Arkada duran diğer adam bana su getirdi.Önümdeki adama bardağı uzattı.Suyu içirmek için çenemden tutup kafamı yukarı kaldırdı.Suyu içerken aniden ağzımı bardaktan çekip adamın yüzüne püskürttüm.Adam hızla doğruldu ve elindeki bardağı sert bir biçimde yere attı."Maldita sea!"* diyerek kükredi.Tam ayağımın dibine geldiği için birkaç cam parçası ayağımı ve ayak bilek kısımlarıma denk gelerek kanamasını sağladı.Arkada duran adam hızla yanımıza geldi.Bu diğer adamın aksine daha genç görünüyordu.Ortalama 25'li yaşlarındaydı.Kahverengi saçları,mavi gözleri vardı ve dikkatli bir şekilde bakınca ikisinin benzediğini farkettim.Baba-oğul olabileceklerini düşündüm.

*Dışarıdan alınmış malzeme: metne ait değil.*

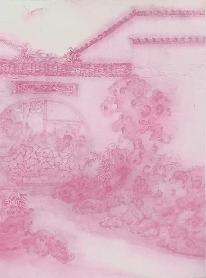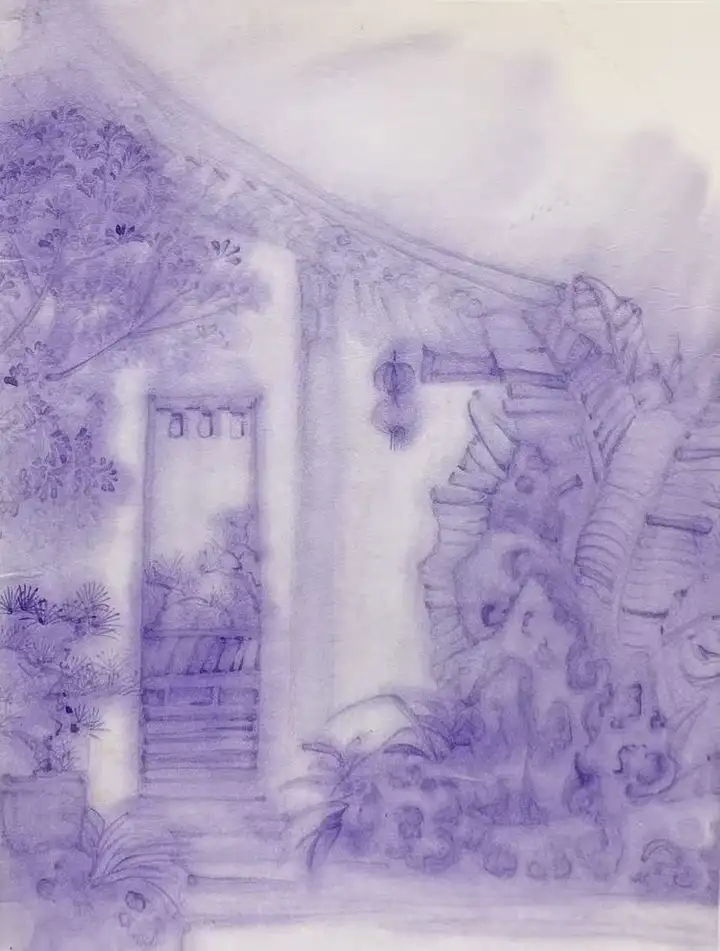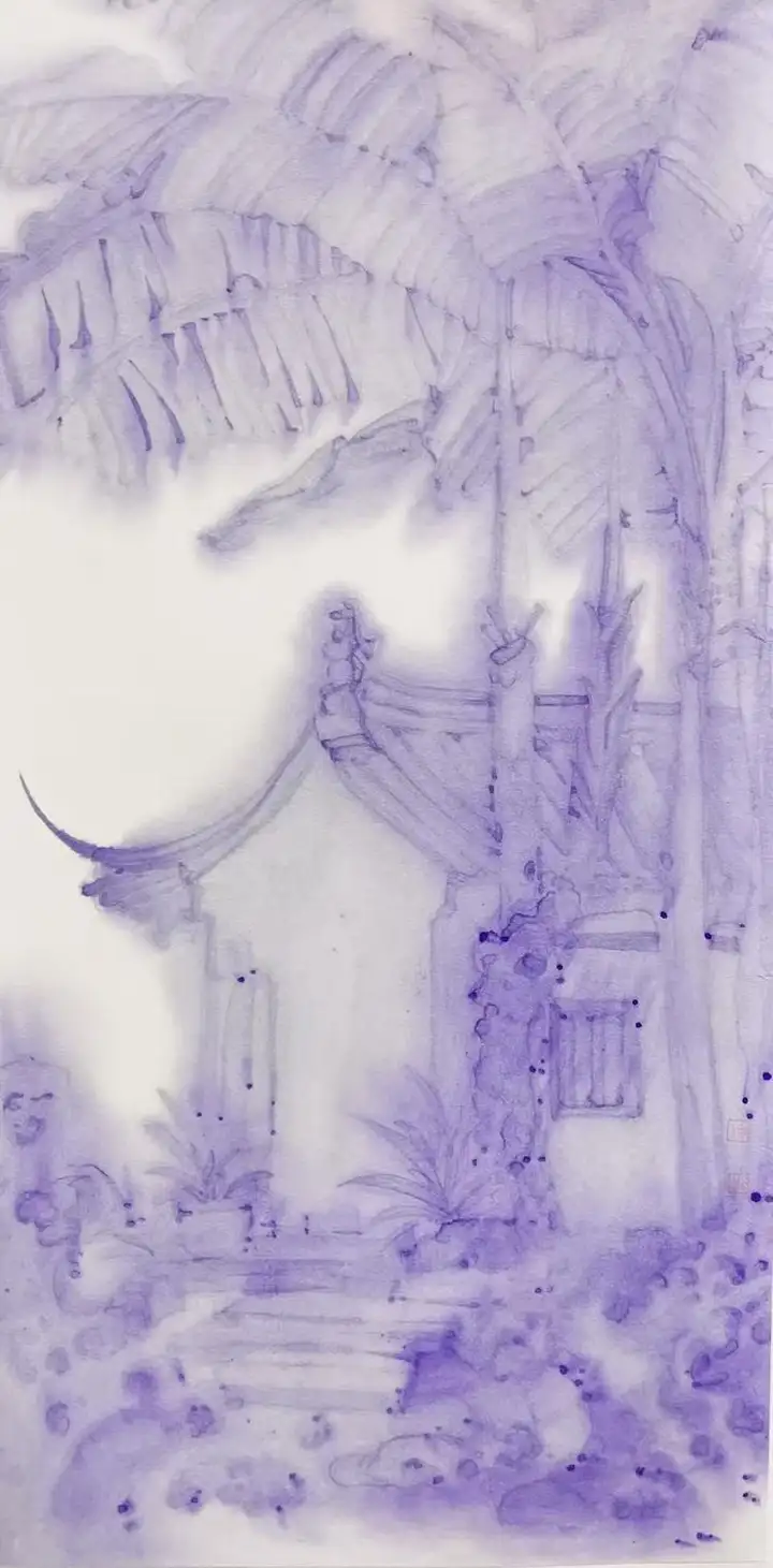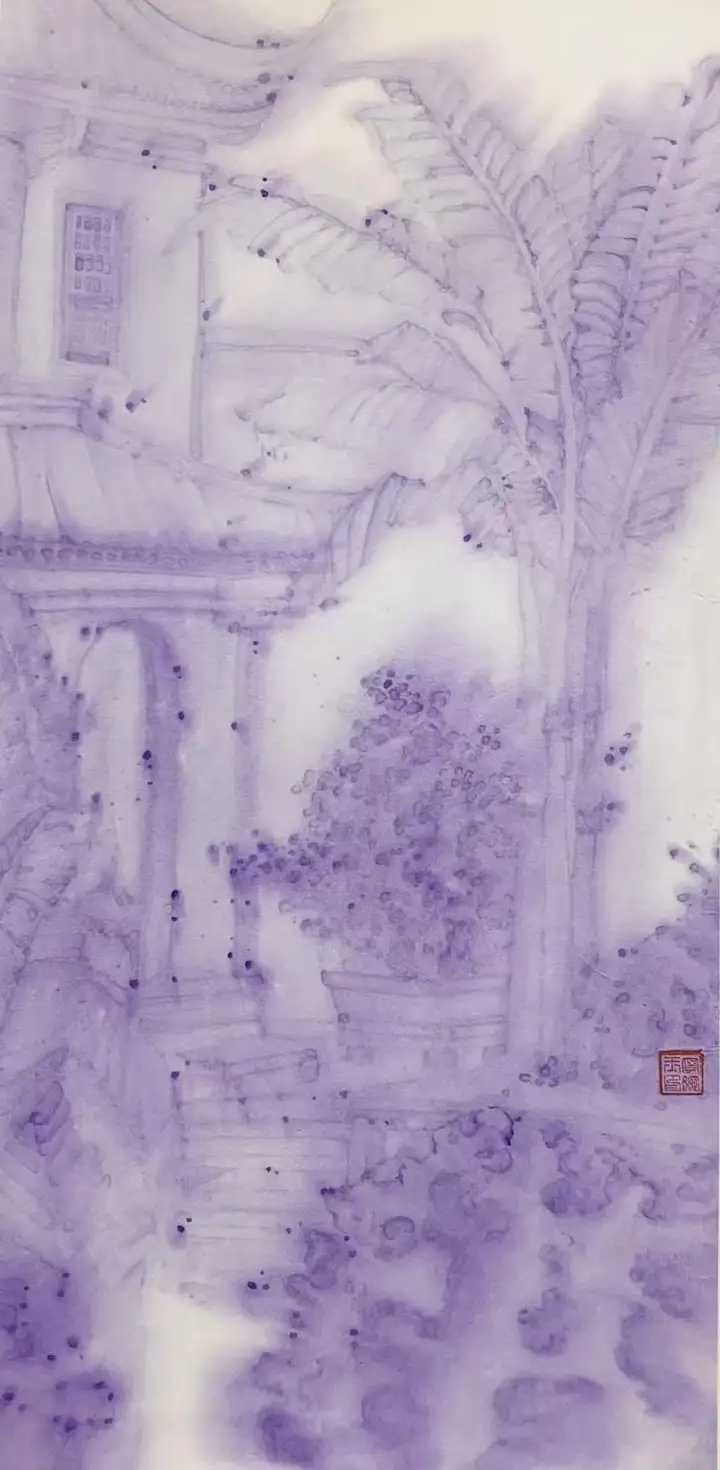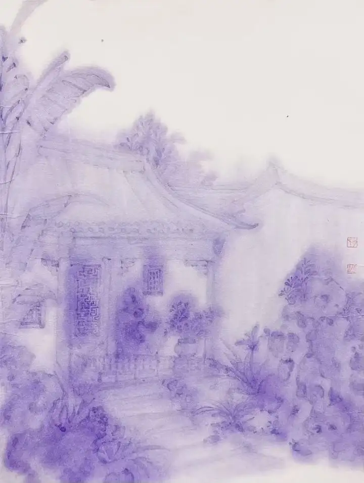在技法上,宁婉玉决然摒弃了俗常写实的刻板路径,转而以淡墨轻染为法。墨韵在宣纸上氤氲散开,如薄纱漫卷,似轻烟缥缈,营造出如梦似幻的朦胧氛围。

"Papá* sakin ol." dedi yaşlı adamın kollarından tutarak.İspanyol olduklarını o zaman anlamıştım.Genç adam bana bakarak "Patron onu hiçbir şekilde zarar görmemiş halde görmek istediğini söyledi.Ben hemen yarasını temizleyeyim sen de git üstünü değiştir.Sonra patronu ara, bir an önce gelsin kızı görmeye." dedi kusursuz İngiliz aksanıyla.Yaşlı adama gözlerimi dikerek ona alaycı bir şekilde gülümsedim.
Yaşlı adam sinirli bir şekilde bana bakarak "Patron olmasaydı bardağı değil seni yere fırlatırdım." dedi.
Dudaklarımı büzerek "Yazık." dedim.
Yaşlı adam daha fazla dayanamayacağını bilir halde uzaklaştı.Gözlerimi bu sefer genç adama diktim.O da baktığımı farkedip mavi gözlerini benim mavi gözlerime dikti."Yaşına göre oldukça cesursun." dedi az önceki olanlara şaşırmış bir şekilde.Dediğine aldırış etmeden "Temizlemeyecek misin ?" dedim kanayan yerlerime bakarak.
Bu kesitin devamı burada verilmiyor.